** Data items **

####################

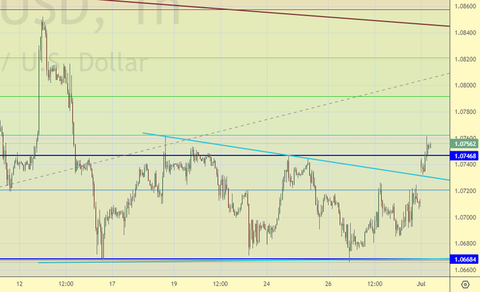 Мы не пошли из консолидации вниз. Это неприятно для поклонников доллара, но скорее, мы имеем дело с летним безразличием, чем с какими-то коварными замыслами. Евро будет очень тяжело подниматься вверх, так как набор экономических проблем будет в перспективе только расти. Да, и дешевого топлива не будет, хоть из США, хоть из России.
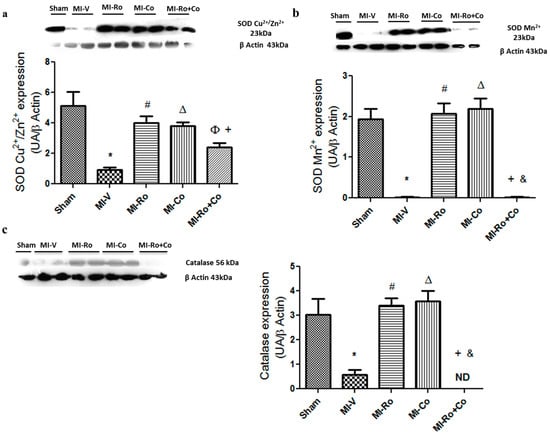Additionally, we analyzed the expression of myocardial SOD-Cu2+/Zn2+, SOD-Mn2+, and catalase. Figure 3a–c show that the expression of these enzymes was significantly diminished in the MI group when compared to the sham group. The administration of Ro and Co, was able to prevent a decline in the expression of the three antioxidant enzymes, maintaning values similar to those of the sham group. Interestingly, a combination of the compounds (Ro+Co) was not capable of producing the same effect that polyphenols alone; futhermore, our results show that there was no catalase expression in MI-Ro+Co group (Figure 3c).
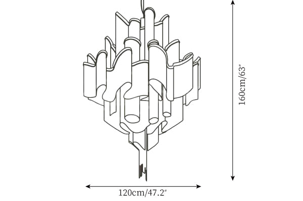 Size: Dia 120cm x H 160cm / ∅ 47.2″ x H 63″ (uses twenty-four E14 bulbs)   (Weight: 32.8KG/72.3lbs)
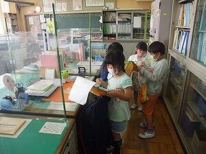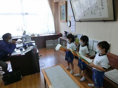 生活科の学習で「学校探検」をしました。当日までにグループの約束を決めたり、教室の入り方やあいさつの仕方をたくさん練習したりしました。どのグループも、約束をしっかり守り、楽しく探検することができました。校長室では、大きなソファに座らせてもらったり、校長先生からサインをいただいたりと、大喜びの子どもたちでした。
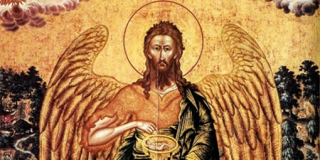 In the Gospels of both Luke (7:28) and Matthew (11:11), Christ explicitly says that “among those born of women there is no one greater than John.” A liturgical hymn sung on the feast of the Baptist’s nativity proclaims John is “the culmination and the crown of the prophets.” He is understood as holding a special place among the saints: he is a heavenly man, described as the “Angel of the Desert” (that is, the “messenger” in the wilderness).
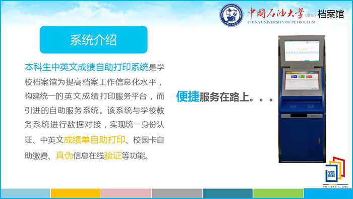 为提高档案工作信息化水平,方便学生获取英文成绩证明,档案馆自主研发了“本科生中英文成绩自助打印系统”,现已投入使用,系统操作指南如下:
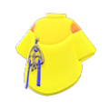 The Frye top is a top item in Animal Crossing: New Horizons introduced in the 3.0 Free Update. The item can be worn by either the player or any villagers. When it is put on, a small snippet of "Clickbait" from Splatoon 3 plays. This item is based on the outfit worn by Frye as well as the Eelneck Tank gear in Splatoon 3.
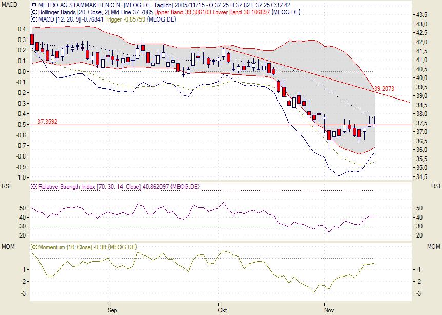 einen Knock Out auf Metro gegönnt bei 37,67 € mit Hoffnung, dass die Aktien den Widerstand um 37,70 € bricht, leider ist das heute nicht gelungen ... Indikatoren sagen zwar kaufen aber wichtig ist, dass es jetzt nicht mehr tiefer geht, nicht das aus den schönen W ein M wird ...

####################

** EXERCISE GOAL **
Starting at the line that contains "Size: Dia 120cm" and ending at the final line of the data, reproduce each line exactly. Pictures stay out of the copy.

** TASK RESPONSE **
 Size: Dia 120cm x H 160cm / ∅ 47.2″ x H 63″ (uses twenty-four E14 bulbs)   (Weight: 32.8KG/72.3lbs)
 生活科の学習で「学校探検」をしました。当日までにグループの約束を決めたり、教室の入り方やあいさつの仕方をたくさん練習したりしました。どのグループも、約束をしっかり守り、楽しく探検することができました。校長室では、大きなソファに座らせてもらったり、校長先生からサインをいただいたりと、大喜びの子どもたちでした。
 In the Gospels of both Luke (7:28) and Matthew (11:11), Christ explicitly says that “among those born of women there is no one greater than John.” A liturgical hymn sung on the feast of the Baptist’s nativity proclaims John is “the culmination and the crown of the prophets.” He is understood as holding a special place among the saints: he is a heavenly man, described as the “Angel of the Desert” (that is, the “messenger” in the wilderness).
 为提高档案工作信息化水平,方便学生获取英文成绩证明,档案馆自主研发了“本科生中英文成绩自助打印系统”,现已投入使用,系统操作指南如下:
 The Frye top is a top item in Animal Crossing: New Horizons introduced in the 3.0 Free Update. The item can be worn by either the player or any villagers. When it is put on, a small snippet of "Clickbait" from Splatoon 3 plays. This item is based on the outfit worn by Frye as well as the Eelneck Tank gear in Splatoon 3.
 einen Knock Out auf Metro gegönnt bei 37,67 € mit Hoffnung, dass die Aktien den Widerstand um 37,70 € bricht, leider ist das heute nicht gelungen ... Indikatoren sagen zwar kaufen aber wichtig ist, dass es jetzt nicht mehr tiefer geht, nicht das aus den schönen W ein M wird ...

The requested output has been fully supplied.